- _Supplied material_:
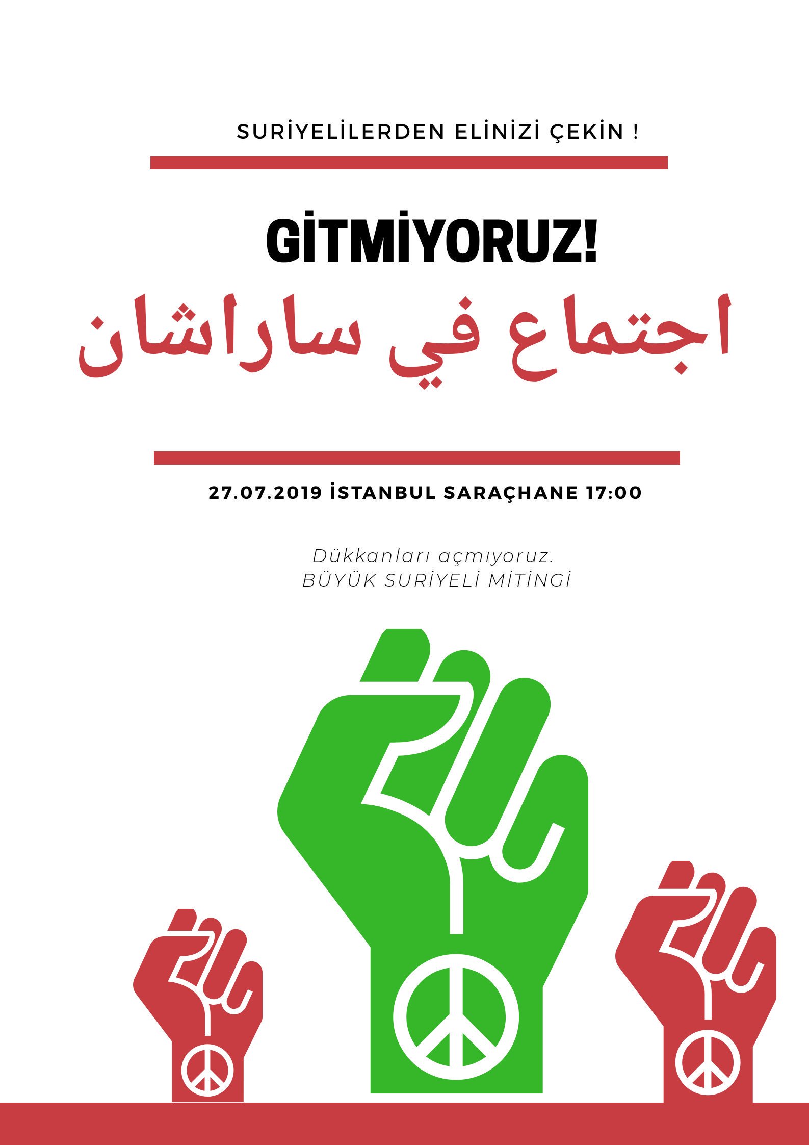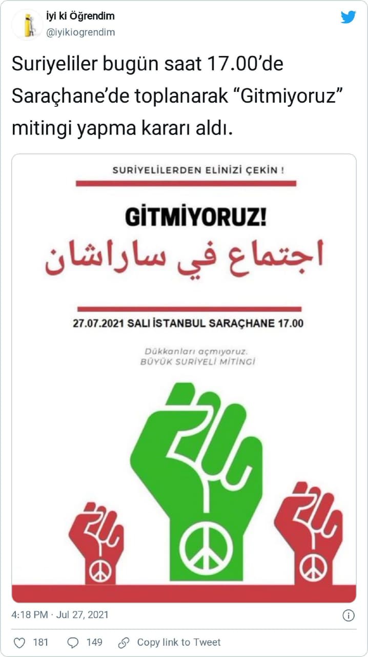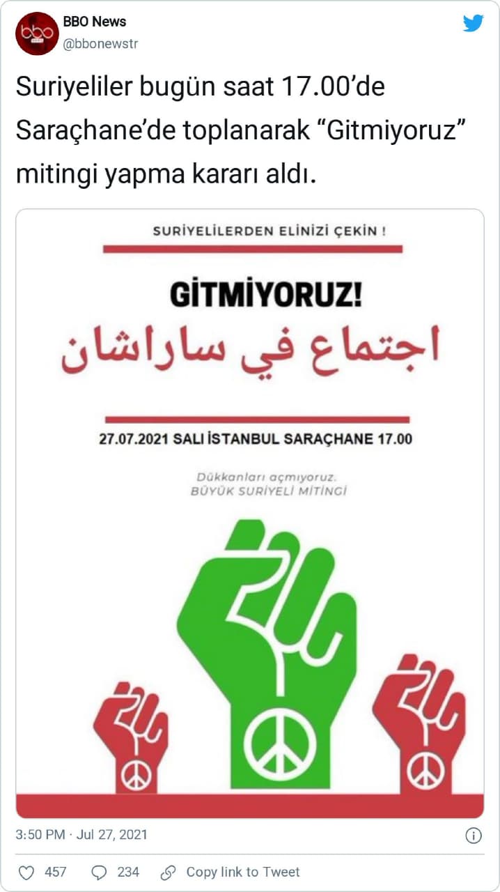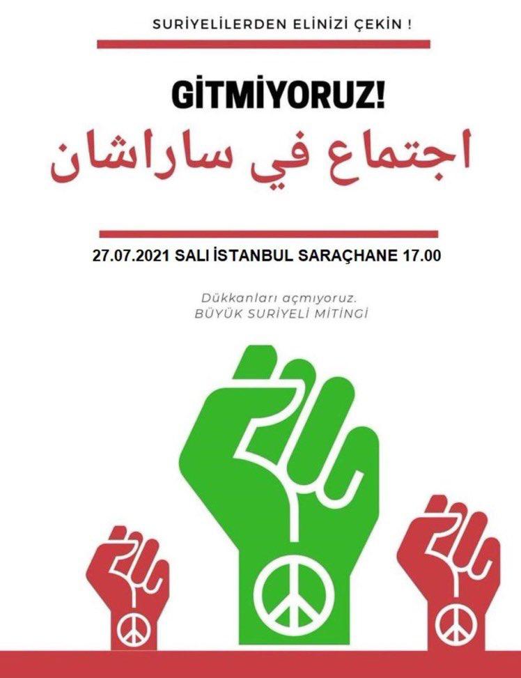 “Suriyeliler bugün saat 17.00’de Saraçhane’de toplanarak “Gitmiyoruz” mitingi yapma kararı aldı.”
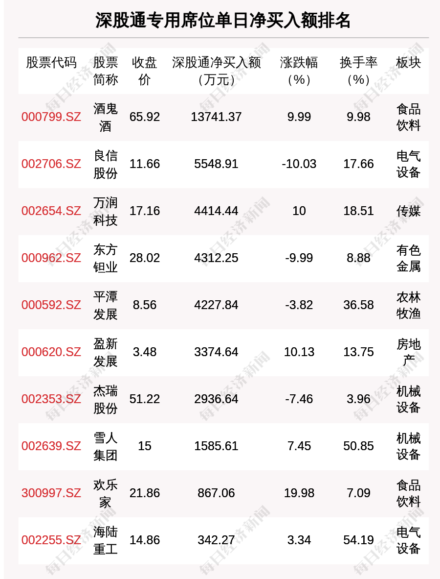 在龙虎榜中,涉及深股通专用席位的个股有14只,酒鬼酒的深股通专用席位净买入额最大,净买入1.37亿元。
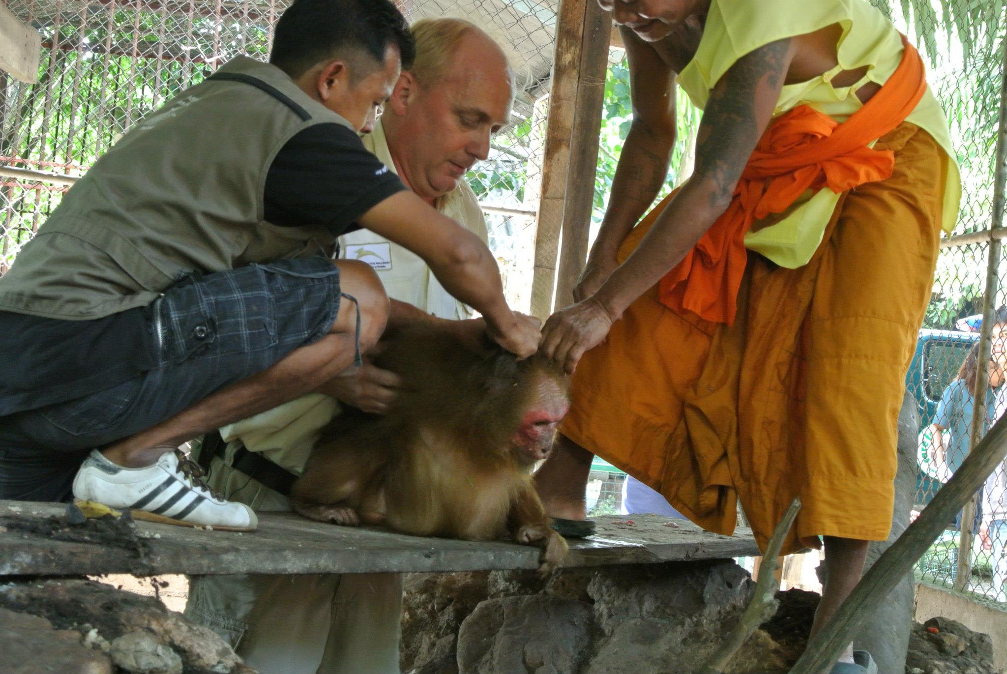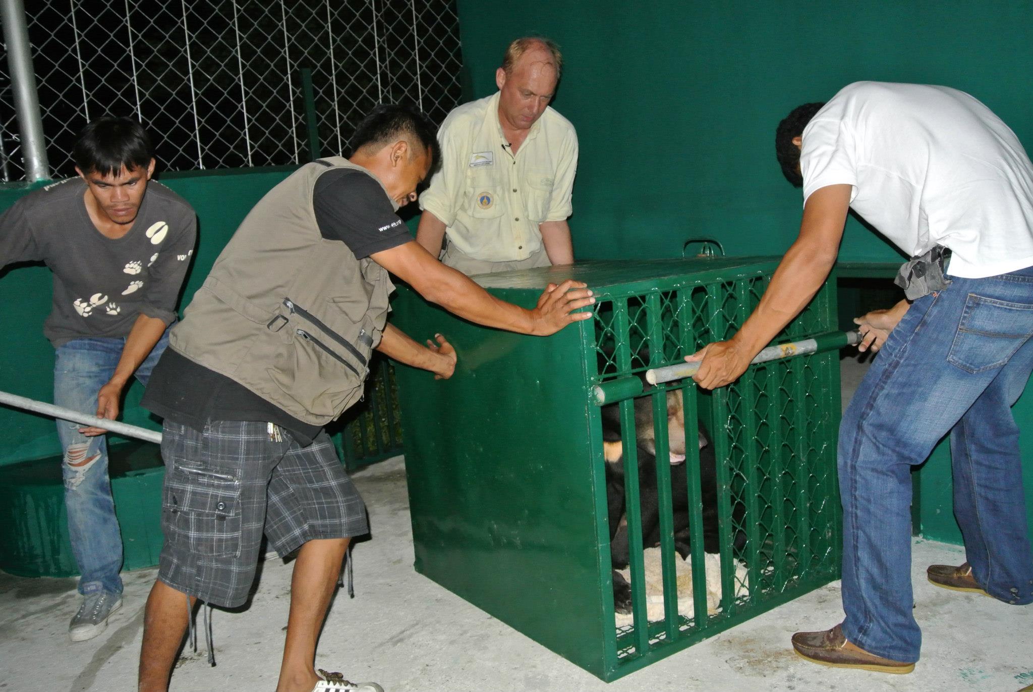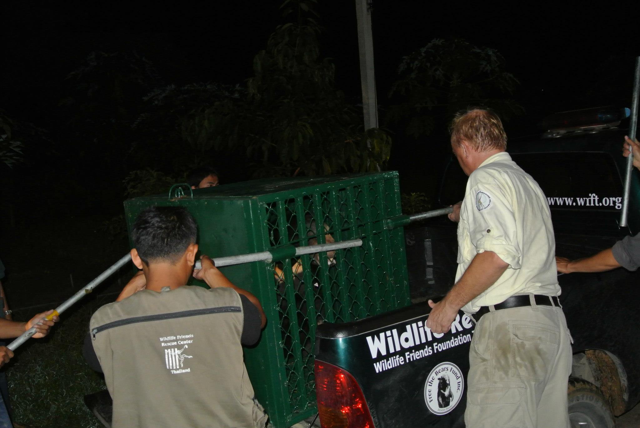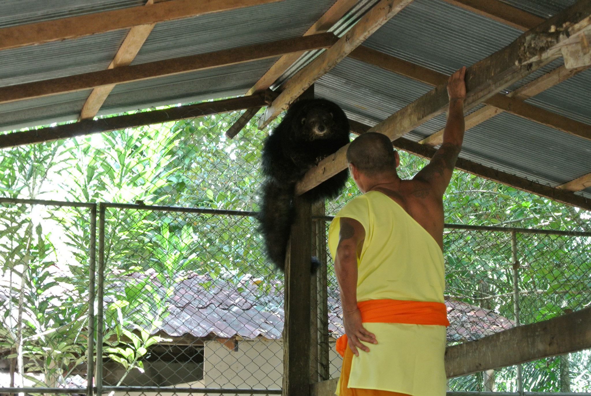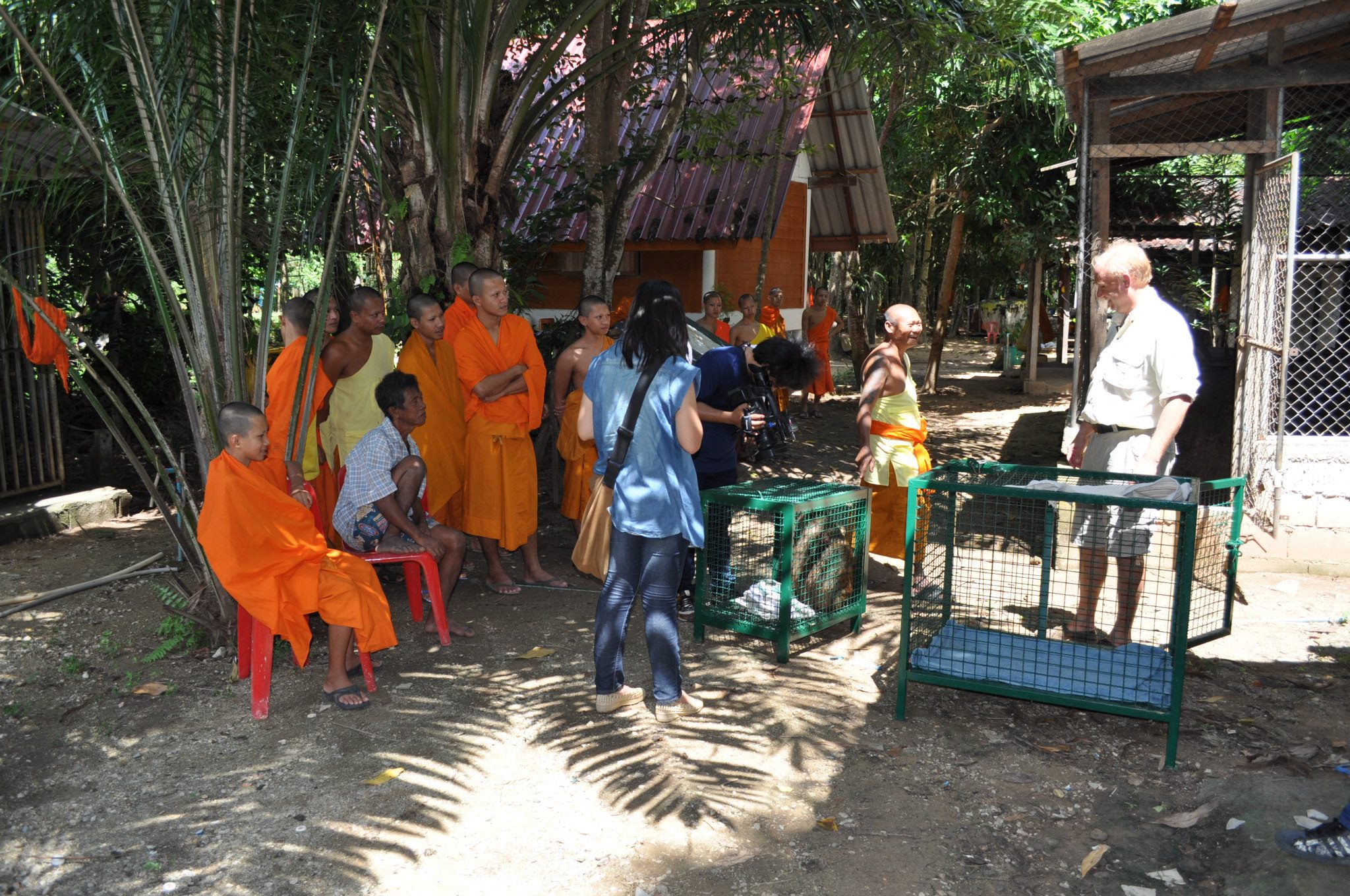We received a call from a temple in Southern Thailand last week with an urgent call for help. At this temple a few wild animals were kept given up by people in the neighborhood, but the enclosures were not strong enough to keep the animals safe inside. Two of the bears kept on escaping from the cage, destroying property of people nearby. To make sure the animals would not escape again and even pose a threat to children in the neighborhood the abbot of this temple has asked WFFT to move the animals to a suitable environment at WFFT wildlife rescue center.
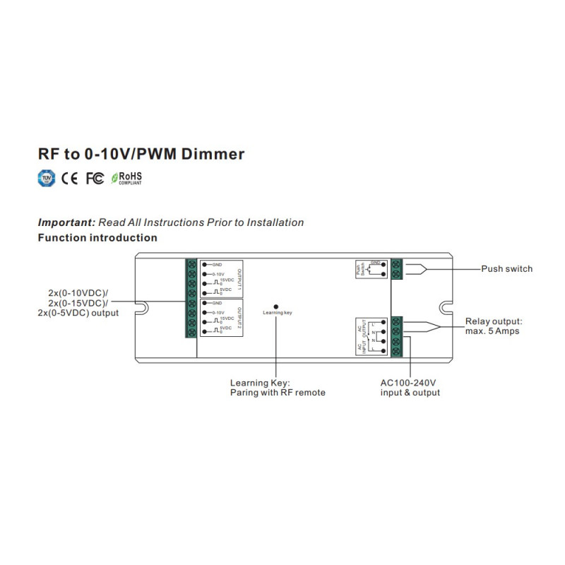 O conversor RF para 0-10V da Sunricher é um dispositivo concebido para transformar sinais de radiofrequência (RF) em sinais de driver de tensão 0-10V/PWM, fornecendo assim uma solução eficiente para o controlo de luzes LED de uma só cor.
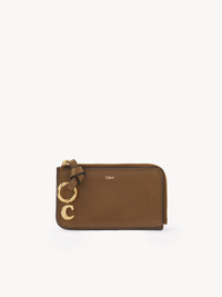 The Maison's iconic Alphabet line includes this purse in natural shiny buffalo leather. Sized to fit your essentials, it features multiple card slots and a flat pocket at the back. A knotted leather link is embellished with Chloe-designed golden initial charms. PRODUCT DETAILS Leather purse in natural shiny buffalo leather Main lining: 65% Polyester, 35% Cotton - 1 main zipped compartment - 4 card slots - 1 flat pocket - Zipped closure Comes with a dust bag - Width: 5.1" (13 cm) - Height: 3" (7.5 cm) - Depth: 0.8" (2 cm) This leather purse is made from pure aniline leather. Tanning imparts a specific character to the skin, such as hues and wrinkles, combined with a light and transparent aniline finish. Respect the care instructions on the leaflet. To make this product, Chloe worked with Leather Working Group (LWG) certified leather manufacturers. LWG certifies tanneries based on their water and energy usage, management of chemicals, solid waste, and wastewater. Color: Dark Khaki Item code: CHC24WP944O4720V
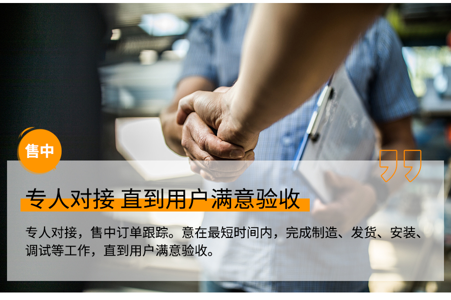 专人对接,售中订单跟踪。意在短时间内,完成制造、发货、安装、调试等工作,直到用户满意验收。
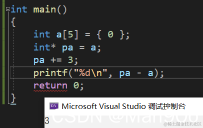 下面我将a的首地址赋给pa,然后将pa的值+3,打印两个地址之差

- _What you should do_: The records above are to be retyped exactly, with every picture left out.

- _Expected output_:
 “Suriyeliler bugün saat 17.00’de Saraçhane’de toplanarak “Gitmiyoruz” mitingi yapma kararı aldı.”
 在龙虎榜中,涉及深股通专用席位的个股有14只,酒鬼酒的深股通专用席位净买入额最大,净买入1.37亿元。
We received a call from a temple in Southern Thailand last week with an urgent call for help. At this temple a few wild animals were kept given up by people in the neighborhood, but the enclosures were not strong enough to keep the animals safe inside. Two of the bears kept on escaping from the cage, destroying property of people nearby. To make sure the animals would not escape again and even pose a threat to children in the neighborhood the abbot of this temple has asked WFFT to move the animals to a suitable environment at WFFT wildlife rescue center.
 O conversor RF para 0-10V da Sunricher é um dispositivo concebido para transformar sinais de radiofrequência (RF) em sinais de driver de tensão 0-10V/PWM, fornecendo assim uma solução eficiente para o controlo de luzes LED de uma só cor.
 The Maison's iconic Alphabet line includes this purse in natural shiny buffalo leather. Sized to fit your essentials, it features multiple card slots and a flat pocket at the back. A knotted leather link is embellished with Chloe-designed golden initial charms. PRODUCT DETAILS Leather purse in natural shiny buffalo leather Main lining: 65% Polyester, 35% Cotton - 1 main zipped compartment - 4 card slots - 1 flat pocket - Zipped closure Comes with a dust bag - Width: 5.1" (13 cm) - Height: 3" (7.5 cm) - Depth: 0.8" (2 cm) This leather purse is made from pure aniline leather. Tanning imparts a specific character to the skin, such as hues and wrinkles, combined with a light and transparent aniline finish. Respect the care instructions on the leaflet. To make this product, Chloe worked with Leather Working Group (LWG) certified leather manufacturers. LWG certifies tanneries based on their water and energy usage, management of chemicals, solid waste, and wastewater. Color: Dark Khaki Item code: CHC24WP944O4720V
 专人对接,售中订单跟踪。意在短时间内,完成制造、发货、安装、调试等工作,直到用户满意验收。
 下面我将a的首地址赋给pa,然后将pa的值+3,打印两个地址之差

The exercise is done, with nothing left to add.